Absence de genre et nombre
Le japonais ne possède pas de distinction de genre ou de pluriel grammatical comme en français. Le sens dépend souvent du contexte.
Cette absence de genre grammatical évite des accords comme “un grand ami” / “une grande amie” ou “ils” / “elles” selon le genre. Le mot 本 (hon, “livre”) reste le même, qu’il y ait un seul livre ou plusieurs. Le pluriel est souvent compris grâce au contexte ou précisé par un mot comme:
- たくさんの本 (takusan no hon) = beaucoup de livres
- 二冊の本 (nisatsu no hon) = deux livres, en utilisant le compteur approprié
Le japonais utilise en effet très souvent des compteurs pour nommer les objets.
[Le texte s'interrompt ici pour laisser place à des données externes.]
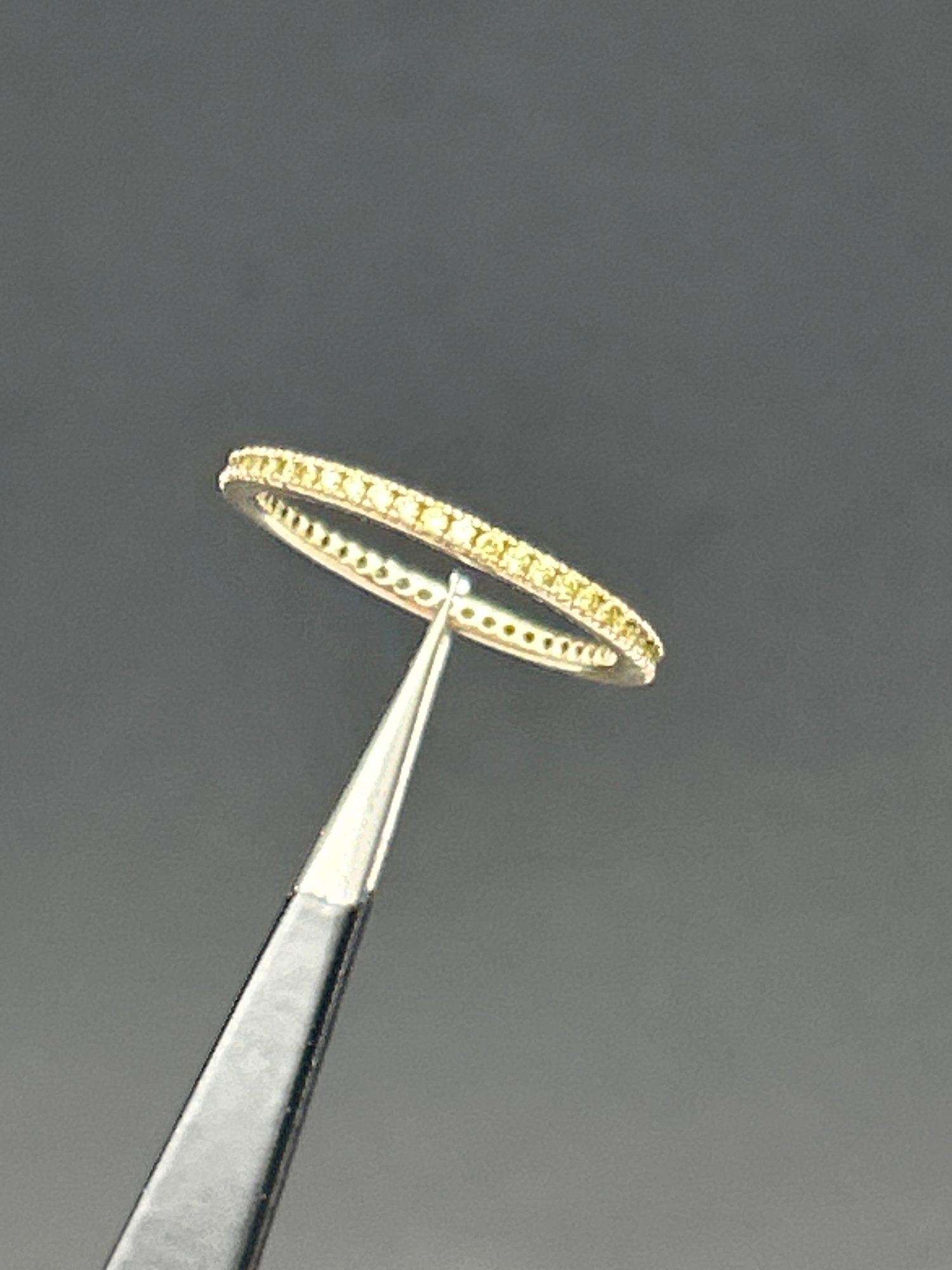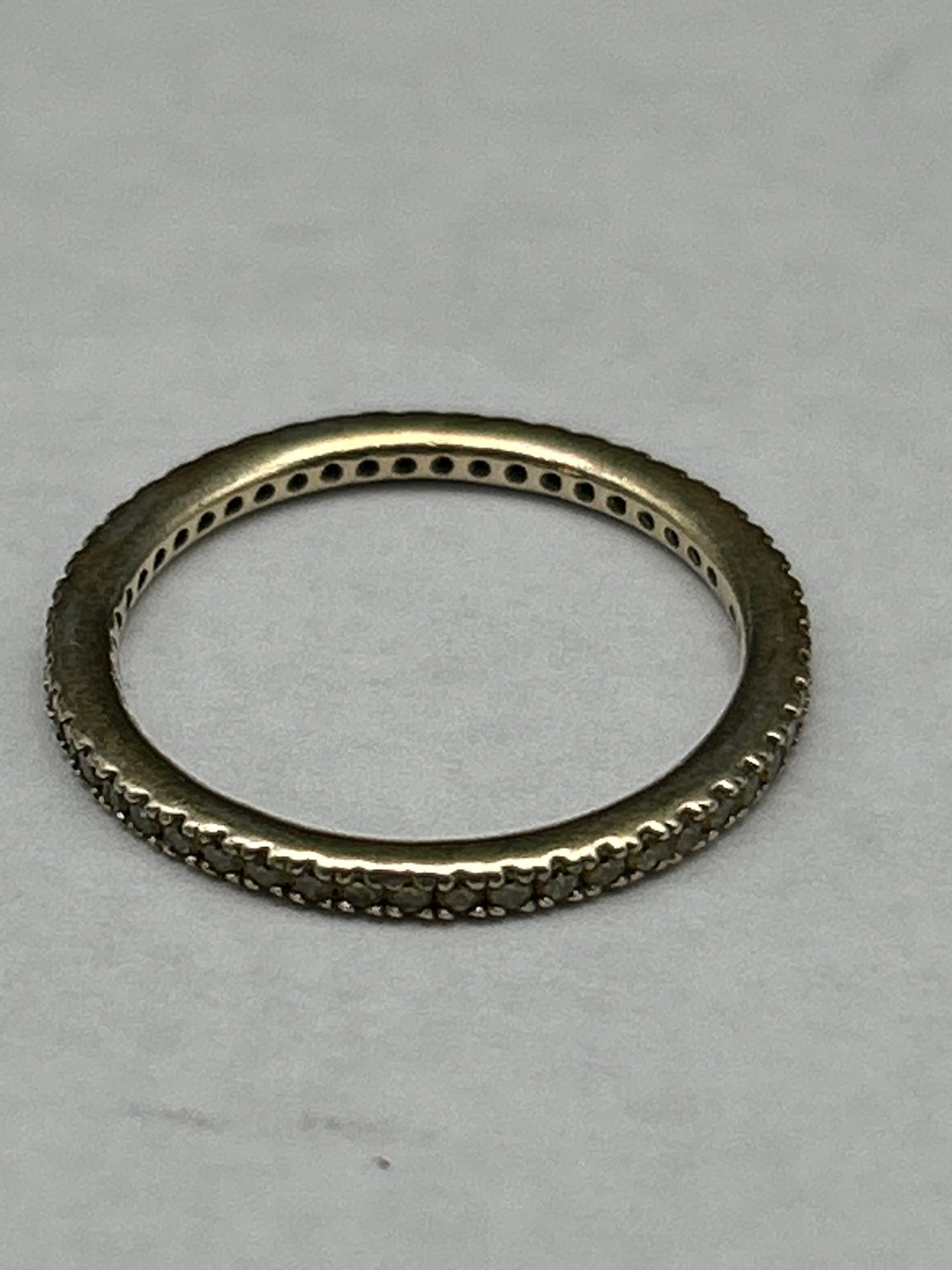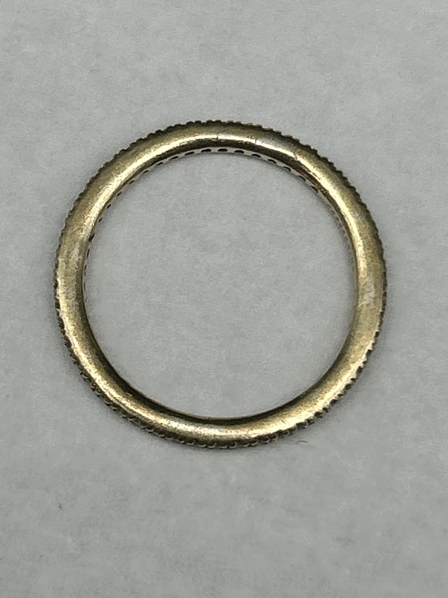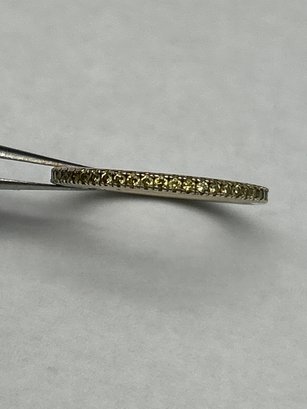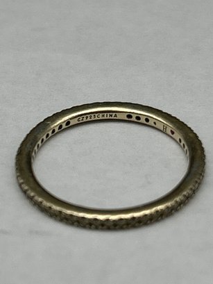 Dainty Olive Green CZ Eternity Band, Gold Washed Sterling Silver Stackable Band, Marked CZ 925, Size 7.25

On dit différemment “deux livres”, “deux personnes” ou “deux voitures”. Pour les débutants, ce système paraît technique, mais il devient rapidement familier dans les phrases courantes, car quelques compteurs reviennent sans cesse.
Une base utile pour parler plus vite
La grammaire japonaise paraît différente du français, mais elle est très régulière. Les phrases de base suivent souvent le même schéma : thème, compléments, verbe final. Dans la pratique, cela permet de construire rapidement des phrases simples comme :
- わたしはフランス人です。
Watashi wa Furansujin desu.
”Je suis français / française.” - 仕事に行きます。
Shigoto ni ikimasu.
”Je vais au travail.” - 今日は忙しいです。
Kyō wa isogashii desu.
”Aujourd’hui, je suis occupé.”
Pour un débutant, la priorité n’est pas de tout maîtriser d’un coup, mais de reconnaître les particules les plus fréquentes, de repérer le verbe final, et de comprendre que le japonais exprime beaucoup d’informations avec peu de mots. En conversation, cette structure devient vite très utile, car elle permet de produire des phrases courtes, correctes et naturelles plus tôt qu’on ne l’imagine.
Erreurs fréquentes des débutants
Certaines erreurs reviennent souvent au début de l’apprentissage :
- Confondre は (wa) et が (ga)
- Oublier les particules dans les phrases courtes
- Chercher l’ordre français sujet-verbe-objet
- Omettre la politesse dans des contextes où elle est attendue
- Attendre des accords de genre ou de nombre qui n’existent pas
Une autre difficulté fréquente est de vouloir traduire mot à mot. Le japonais fonctionne mieux quand on comprend la fonction de chaque élément dans la phrase plutôt que lorsqu’on essaye de calquer le français. Par exemple, une phrase très courte en japonais peut contenir moins d’indices explicites qu’en français, parce que le contexte fait une grande partie du travail.
En bref
Le japonais repose sur une logique claire: les particules indiquent la fonction des mots, et le verbe vient à la fin. Il n’y a pas de conjugaison différente selon la personne, ni de genre grammatical, ni de pluriel obligatoire comme en français. Pour débuter, la meilleure stratégie consiste à apprendre les particules essentielles, à reconnaître la forme polie des verbes, et à s’habituer aux phrases simples et très fréquentes.